_Your goal_:
Beginning with the line of the entries below that holds "เป็นนาฬิกาสำหรับคุณสุภาพสตรี ขนาดตัวเรือน38 มิลไม่รวมมะยม" and ending with the line that holds "而为了说服B席加盟。利雅得新", transcribe each line exactly as written. Pictures stay out.

_Excerpted records_:

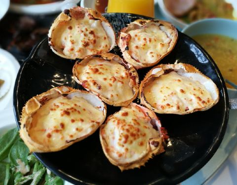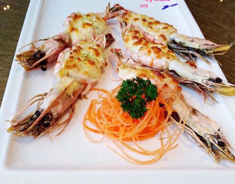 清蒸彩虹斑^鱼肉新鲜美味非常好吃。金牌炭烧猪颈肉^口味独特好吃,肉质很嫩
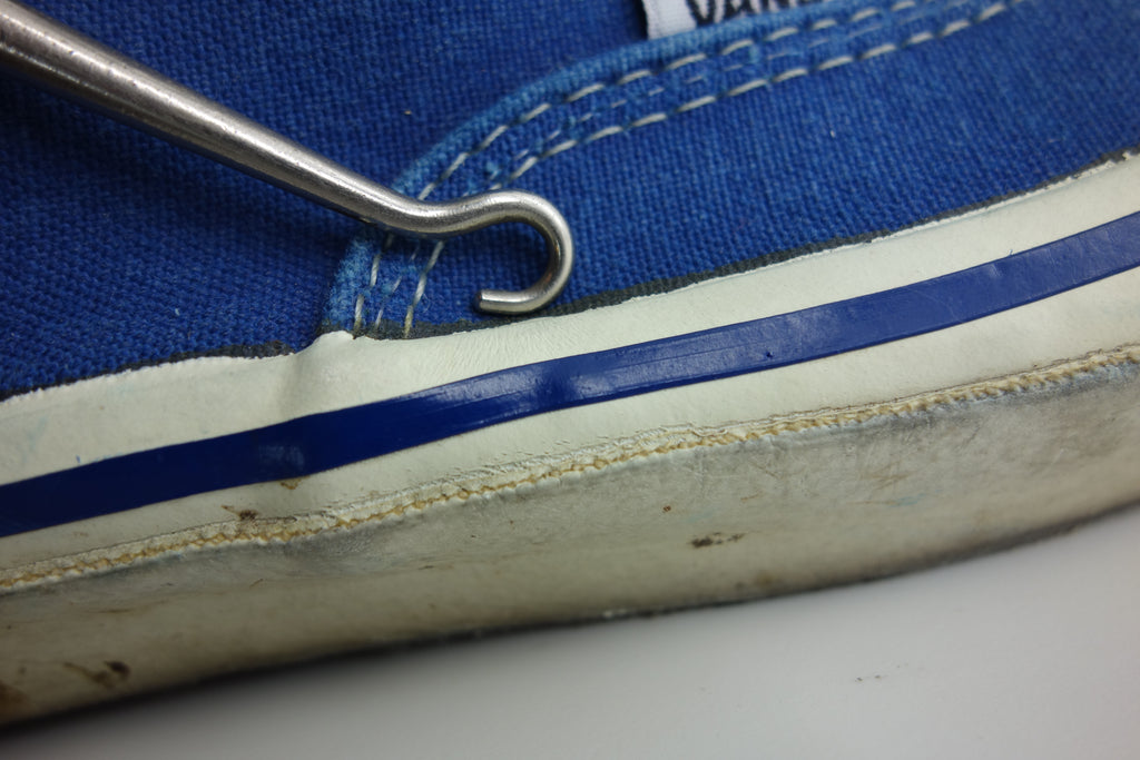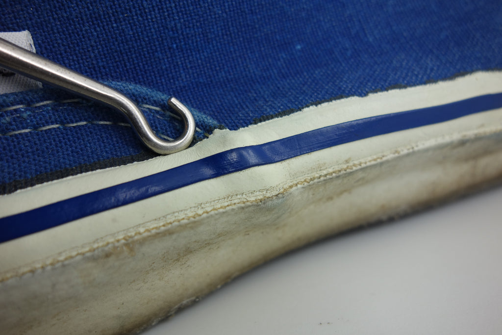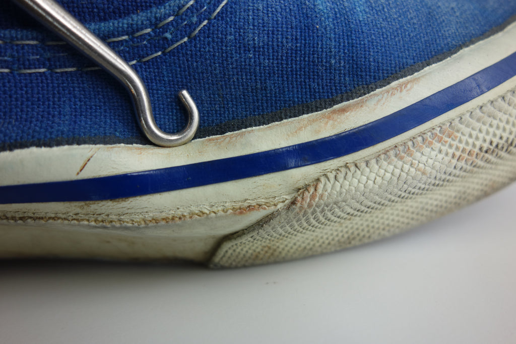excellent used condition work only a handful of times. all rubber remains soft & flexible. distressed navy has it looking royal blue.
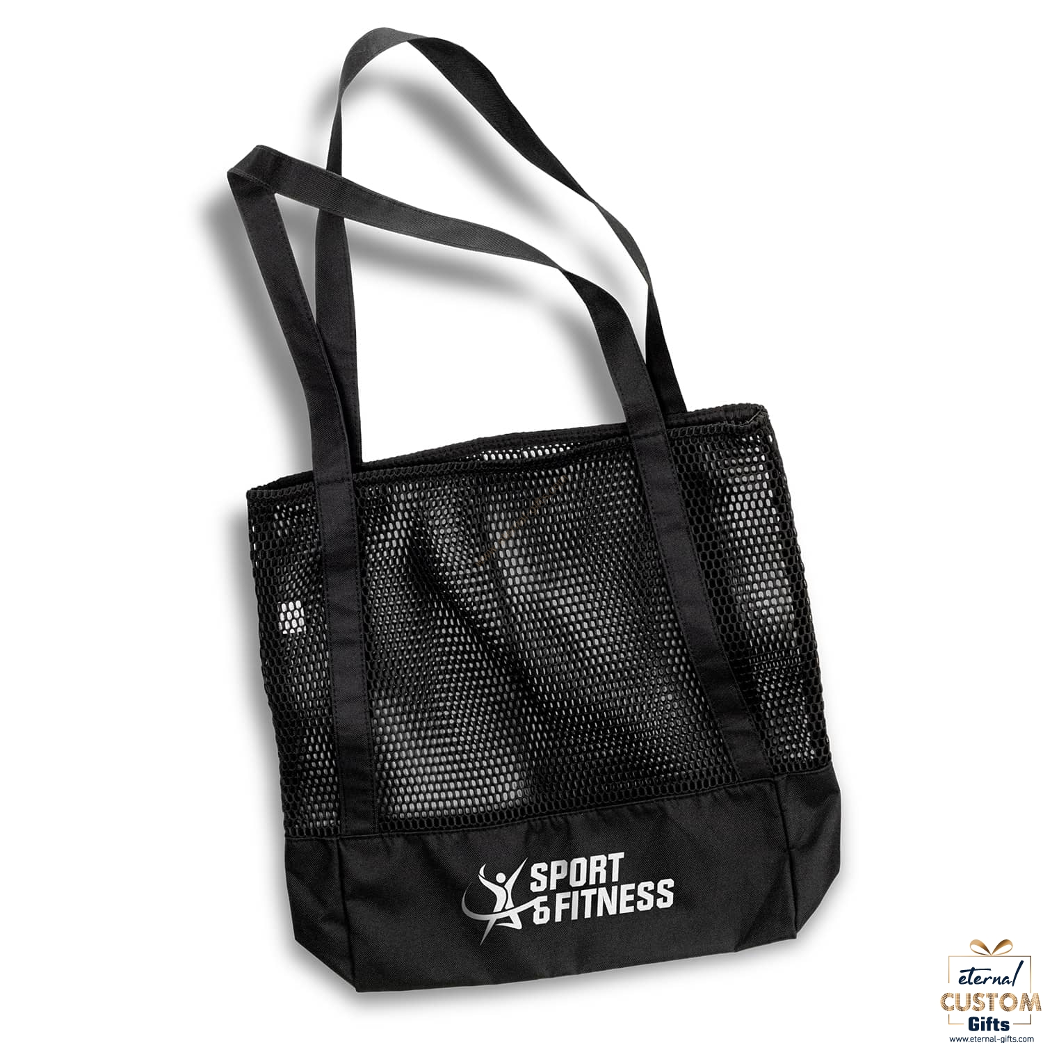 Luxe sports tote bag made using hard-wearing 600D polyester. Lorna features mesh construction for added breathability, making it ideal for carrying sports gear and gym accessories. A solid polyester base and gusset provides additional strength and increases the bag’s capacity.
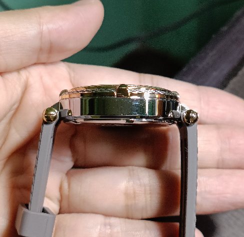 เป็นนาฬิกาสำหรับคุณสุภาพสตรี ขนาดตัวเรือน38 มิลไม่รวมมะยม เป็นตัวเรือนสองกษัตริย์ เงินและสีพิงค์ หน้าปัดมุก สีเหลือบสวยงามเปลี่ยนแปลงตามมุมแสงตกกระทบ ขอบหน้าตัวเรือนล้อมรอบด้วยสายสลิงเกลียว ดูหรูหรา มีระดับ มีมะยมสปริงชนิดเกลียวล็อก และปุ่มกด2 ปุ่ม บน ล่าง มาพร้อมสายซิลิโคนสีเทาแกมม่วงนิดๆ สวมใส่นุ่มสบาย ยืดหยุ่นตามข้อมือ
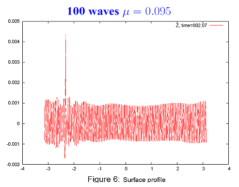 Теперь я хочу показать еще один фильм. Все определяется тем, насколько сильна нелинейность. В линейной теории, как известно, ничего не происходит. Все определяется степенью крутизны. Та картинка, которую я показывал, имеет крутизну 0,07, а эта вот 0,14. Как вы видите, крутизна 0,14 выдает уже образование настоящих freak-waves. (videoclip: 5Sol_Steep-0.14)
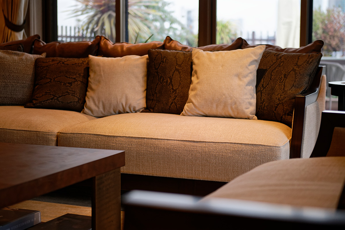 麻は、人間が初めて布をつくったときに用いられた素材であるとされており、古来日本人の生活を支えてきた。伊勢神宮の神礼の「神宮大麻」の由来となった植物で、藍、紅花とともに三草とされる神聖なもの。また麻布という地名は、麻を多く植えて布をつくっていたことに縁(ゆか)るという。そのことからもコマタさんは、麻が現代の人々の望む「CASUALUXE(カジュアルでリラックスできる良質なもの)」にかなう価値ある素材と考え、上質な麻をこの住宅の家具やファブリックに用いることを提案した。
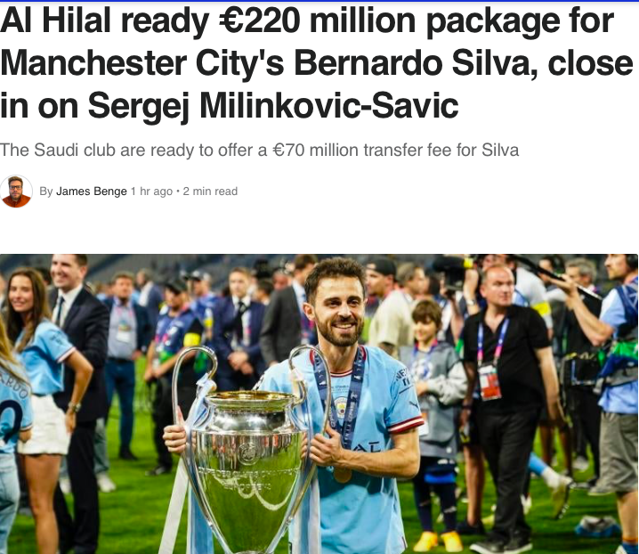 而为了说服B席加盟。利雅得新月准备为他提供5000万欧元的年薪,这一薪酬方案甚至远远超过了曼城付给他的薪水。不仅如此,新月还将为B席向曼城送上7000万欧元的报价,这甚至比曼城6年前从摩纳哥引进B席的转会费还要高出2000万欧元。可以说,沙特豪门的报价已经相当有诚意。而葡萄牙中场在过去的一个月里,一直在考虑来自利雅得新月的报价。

==

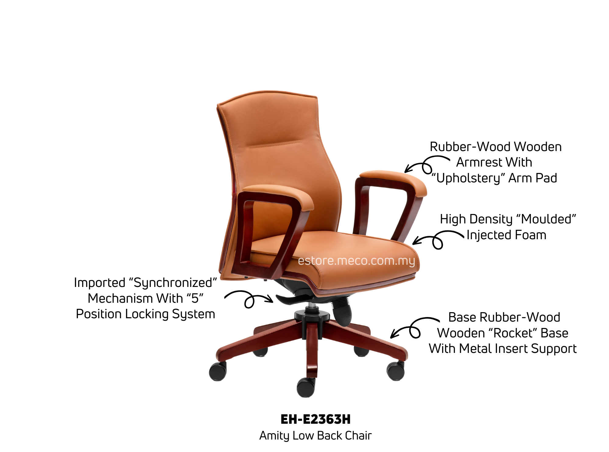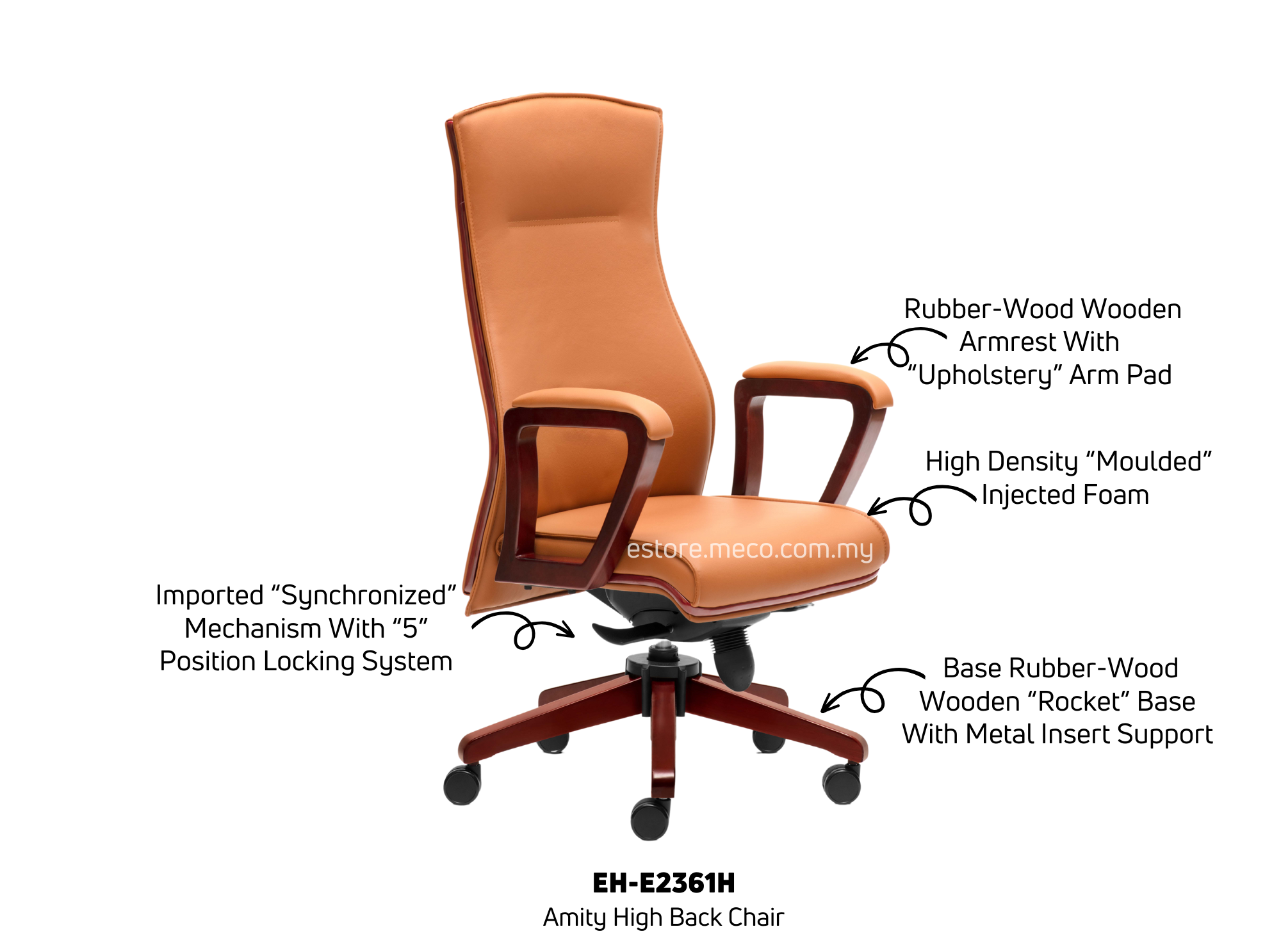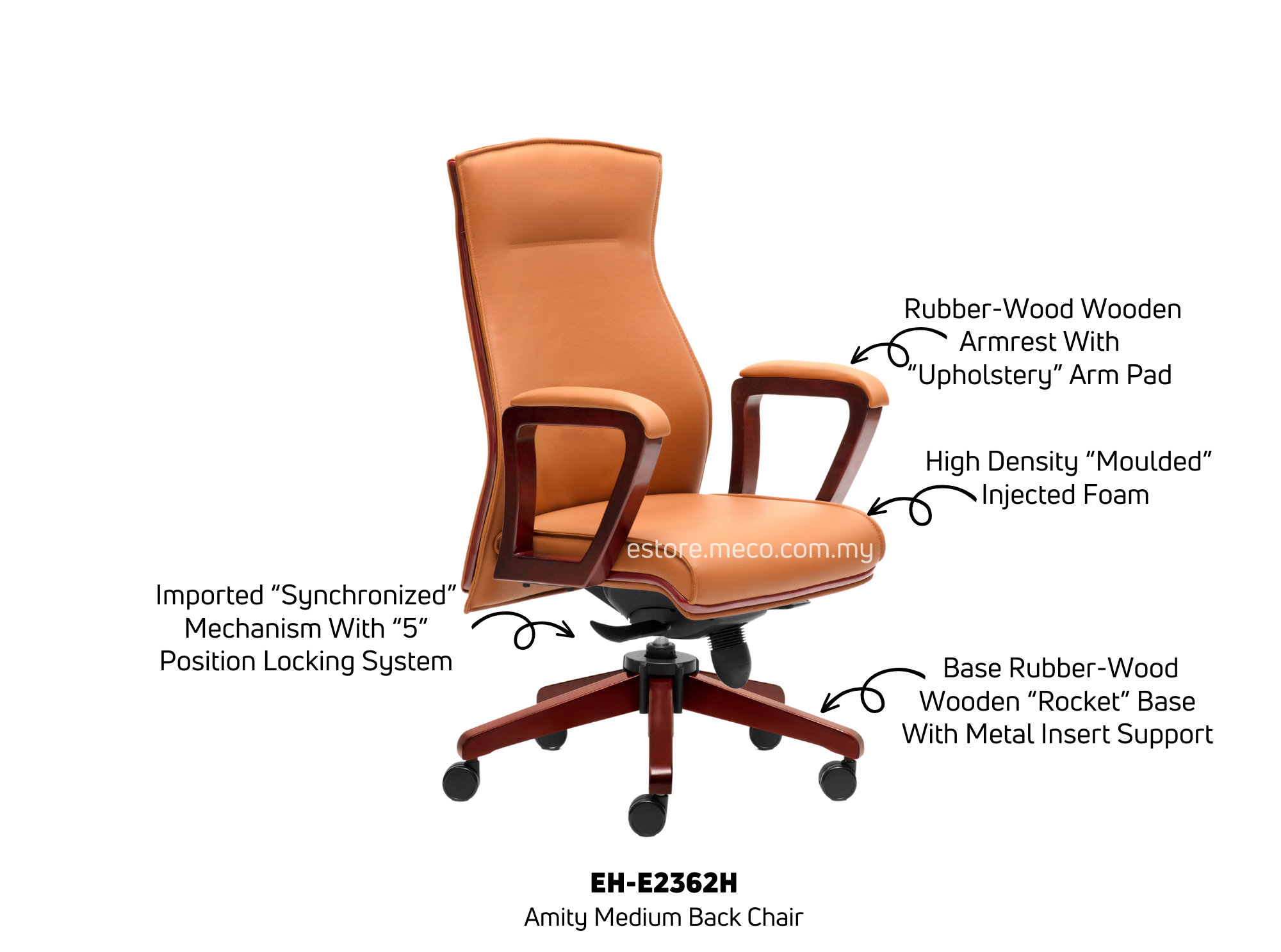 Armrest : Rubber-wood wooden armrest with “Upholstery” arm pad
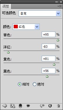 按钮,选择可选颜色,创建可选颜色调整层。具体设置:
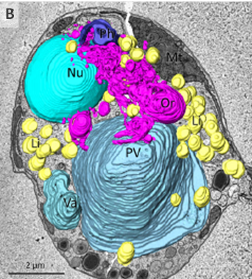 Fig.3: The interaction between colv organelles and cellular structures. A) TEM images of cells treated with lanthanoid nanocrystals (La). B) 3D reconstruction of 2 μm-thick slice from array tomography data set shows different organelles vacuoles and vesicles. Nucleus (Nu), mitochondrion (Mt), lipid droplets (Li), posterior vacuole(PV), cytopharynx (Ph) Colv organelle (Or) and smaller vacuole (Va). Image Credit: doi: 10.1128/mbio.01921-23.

==

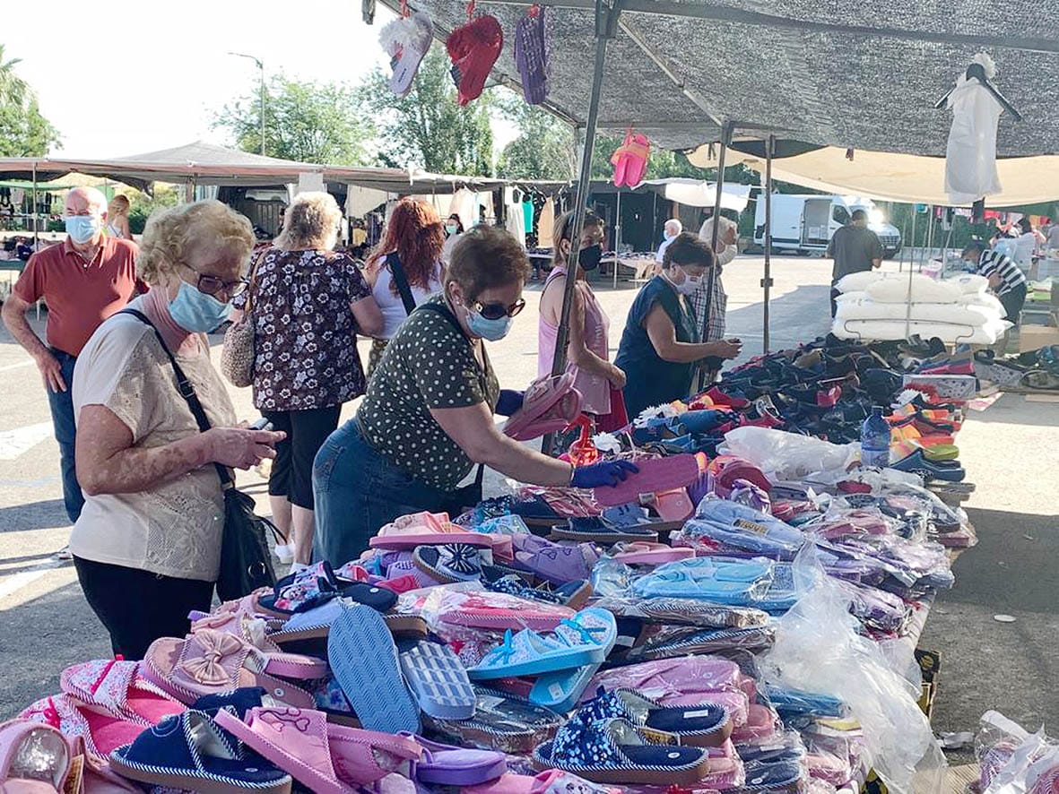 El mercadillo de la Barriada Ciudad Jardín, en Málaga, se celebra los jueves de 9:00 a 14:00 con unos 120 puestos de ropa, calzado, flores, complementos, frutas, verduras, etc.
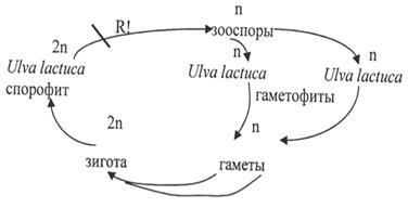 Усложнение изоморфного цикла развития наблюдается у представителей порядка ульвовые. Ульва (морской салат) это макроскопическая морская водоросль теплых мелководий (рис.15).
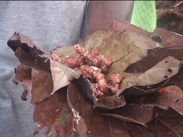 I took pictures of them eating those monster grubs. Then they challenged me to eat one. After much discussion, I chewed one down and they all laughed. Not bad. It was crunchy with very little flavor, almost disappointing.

_Exercise answer_:
 เป็นนาฬิกาสำหรับคุณสุภาพสตรี ขนาดตัวเรือน38 มิลไม่รวมมะยม เป็นตัวเรือนสองกษัตริย์ เงินและสีพิงค์ หน้าปัดมุก สีเหลือบสวยงามเปลี่ยนแปลงตามมุมแสงตกกระทบ ขอบหน้าตัวเรือนล้อมรอบด้วยสายสลิงเกลียว ดูหรูหรา มีระดับ มีมะยมสปริงชนิดเกลียวล็อก และปุ่มกด2 ปุ่ม บน ล่าง มาพร้อมสายซิลิโคนสีเทาแกมม่วงนิดๆ สวมใส่นุ่มสบาย ยืดหยุ่นตามข้อมือ
 Теперь я хочу показать еще один фильм. Все определяется тем, насколько сильна нелинейность. В линейной теории, как известно, ничего не происходит. Все определяется степенью крутизны. Та картинка, которую я показывал, имеет крутизну 0,07, а эта вот 0,14. Как вы видите, крутизна 0,14 выдает уже образование настоящих freak-waves. (videoclip: 5Sol_Steep-0.14)
 麻は、人間が初めて布をつくったときに用いられた素材であるとされており、古来日本人の生活を支えてきた。伊勢神宮の神礼の「神宮大麻」の由来となった植物で、藍、紅花とともに三草とされる神聖なもの。また麻布という地名は、麻を多く植えて布をつくっていたことに縁(ゆか)るという。そのことからもコマタさんは、麻が現代の人々の望む「CASUALUXE(カジュアルでリラックスできる良質なもの)」にかなう価値ある素材と考え、上質な麻をこの住宅の家具やファブリックに用いることを提案した。
 而为了说服B席加盟。利雅得新月准备为他提供5000万欧元的年薪,这一薪酬方案甚至远远超过了曼城付给他的薪水。不仅如此,新月还将为B席向曼城送上7000万欧元的报价,这甚至比曼城6年前从摩纳哥引进B席的转会费还要高出2000万欧元。可以说,沙特豪门的报价已经相当有诚意。而葡萄牙中场在过去的一个月里,一直在考虑来自利雅得新月的报价。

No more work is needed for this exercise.